How to use alternative sentence alignment approaches (since version 0.2.0)
==========================================================================


1) hunalign


hunalign is taken from http://mokk.bme.hu/resources/hunalign
It is licensed under a Creative Commons License
http://creativecommons.org/licenses/by/2.0/
In Uplug it is included in share/bin/Linux/hunalign (pre-compiled for GNU/Linux).

You can run it in a similar way as the default sentence aligner.
Assuming that you have 2 tokenized files (source.xm & target.xml) run the
following command:


    uplug align/hun -src source.xml -trg target.xml -out aligned.xml


This will run hunalign with default settings and the '-realign' flag set
(refer to the hunalign documentation for more details).

You may use your own dictionary using the -dic flag (in that case it won't run
-realign!):


    uplug align/hun -dic my-dic.txt -src source.xml -trg target.xml


The format of a dictionary is as follows 
(source and target separated by ' @ '):

a little @ egy keveset
a little @ egy kicsi
a little @ egy kicsit

(this example is taken from the included english-hungarian dictionary
ext/hunalign/data/hu-en.dic)


You can also run hunalign in 'bisent' mode (only create 1:1 alignments)
Use flag '-b':

    uplug align/hun -b -src source.xml -trg target.xml -out bisent.xml




2) GMA (geometric mapping and alignment)


GMA is taken from http://nlp.cs.nyu.edu/GMA/
and licensed under the GPL (http://www.gnu.org/licenses/gpl.html)
In Uplug it is include in share/ext/gma (pre-compiled for GNU/Linux)

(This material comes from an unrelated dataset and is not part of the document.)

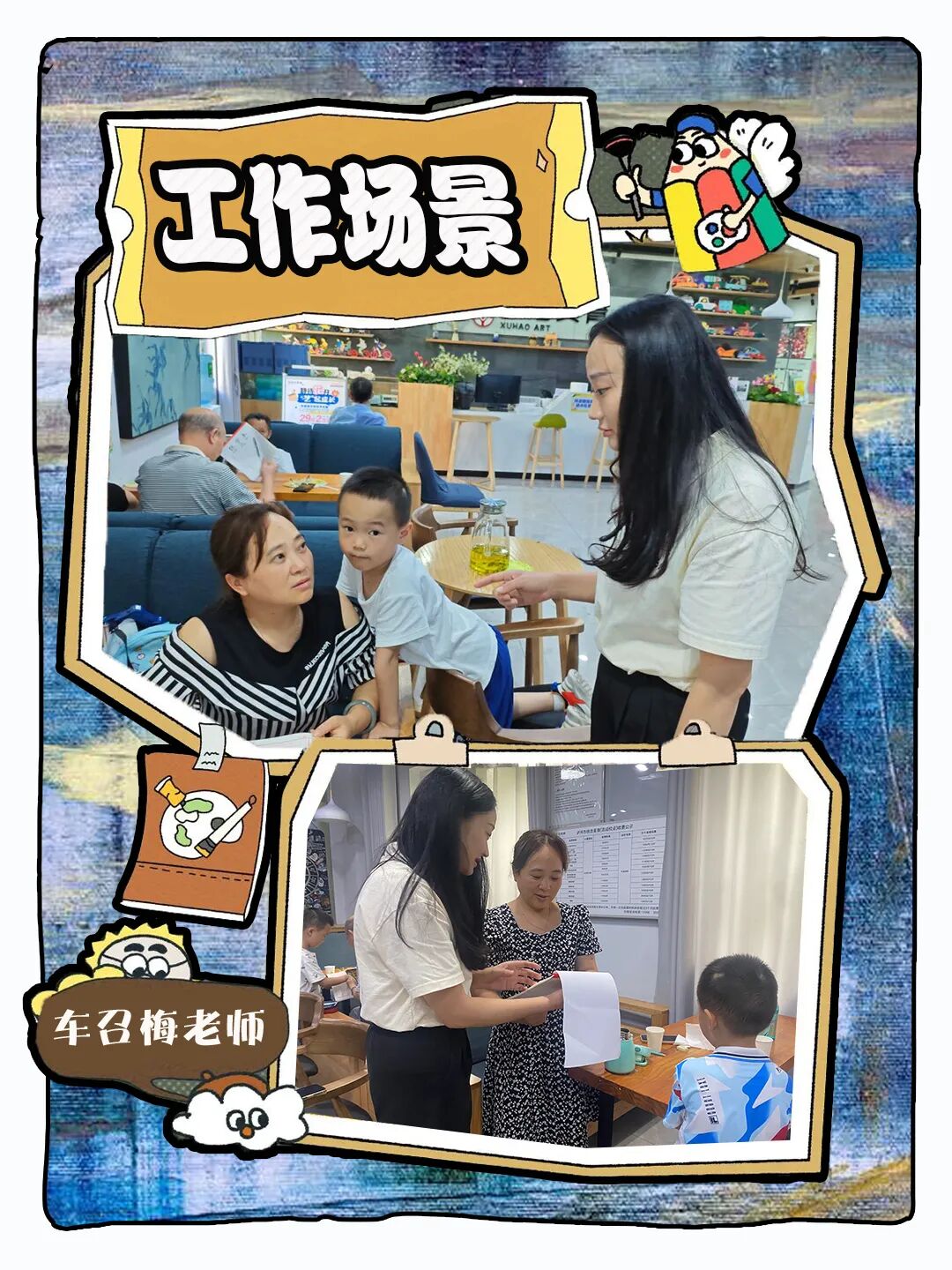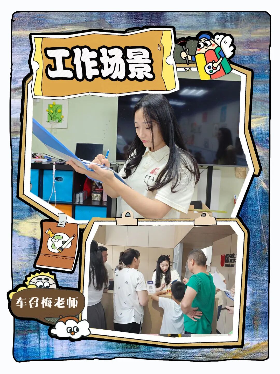 和车召梅老师的采访如约而至,原以为车召梅老师已经空出时间等候我的采访,踏入校区后发现,车召梅老师正沦陷于前台工作中,被一群家长层层包围,不见身影。在沸反盈天的嘈杂声中,夹杂着车召梅老师铿锵有力、字句清晰的回复和讲解声音,经过车召梅老师有条不紊地处理后,场面迅速冷静下来,大家带着满意的答案分散开来,校区也慢慢变得安静了。一场酣畅淋漓的忙碌后,车召梅老师松了一口气地提到:“这样的场景随时可见,虽然忙碌,但乐在其中”。

You can run it in the same way as the default sentence aligner:

    uplug align/gma -src source.xml -trg target.xml -out aligned.xml

However, it is recommended to use GMA with language specific
configurations. There is only one pre-defined configuration file for GMA in
Uplug, for English-French. Configuration files are in 
    share/ext/gma/config/
for example
    share/ext/gma/config/GMA.config.enfr
You can write your own configuration files that points to resource files used
by the algorithm (look at the example configuration file for enfr). It can be
used by specifying source and target language when running GMA in Uplug:


    uplug align/gma -src source.xml -srclang source-language -trg target.xml -trglang target_;anguage -out aligned.xml



3) uplug-sentence-align


There is another experimental sentence alignment script in
uplug/tools/uplug-sentence-align which can be used independent of Uplug (doesn't
require the Uplug modules or any other external resource except XML::Parser)

It's an extension to the Gale&Chruch alignment approach re-implemented by
Phillip Koehn to align the EuroParl corpus. Essentially it adds a
cognate/dictionary filter to the standard length-based approach.

You can run it like this:

    uplug/tools/uplug-sentence-align source.xml target.xml > aligned.xml

(this is without any filters)
There are several options to change the alignment process:

#  -h 'hard-tag-re' .......... regular expression to match hard boundary tags
#  -i min_length ............. check for identical words (set minimal length)
#  -c threshold .............. use LCSR cognate filter (with threshold)
#  -w window ................. define size of sliding window (for all filters)
#  -d dic-file ............... use dictionary filter (using dic-file)
#  -u ........................ cognate/identical filter for upper case words
#  -v ........................ verbose mode

The dicitonary format is a space list of entries where source and target word
(no multi-word units!) are separated by exactly one space character.

The LCSR threshold should be between 0 and 1. The window parameter and the
min_length parameter should be positive integers. All filters are applied in a
sort of sliding window. Hard boundaries will be added after sentence pairs
containing cognates/dictionary entries identified by the filters.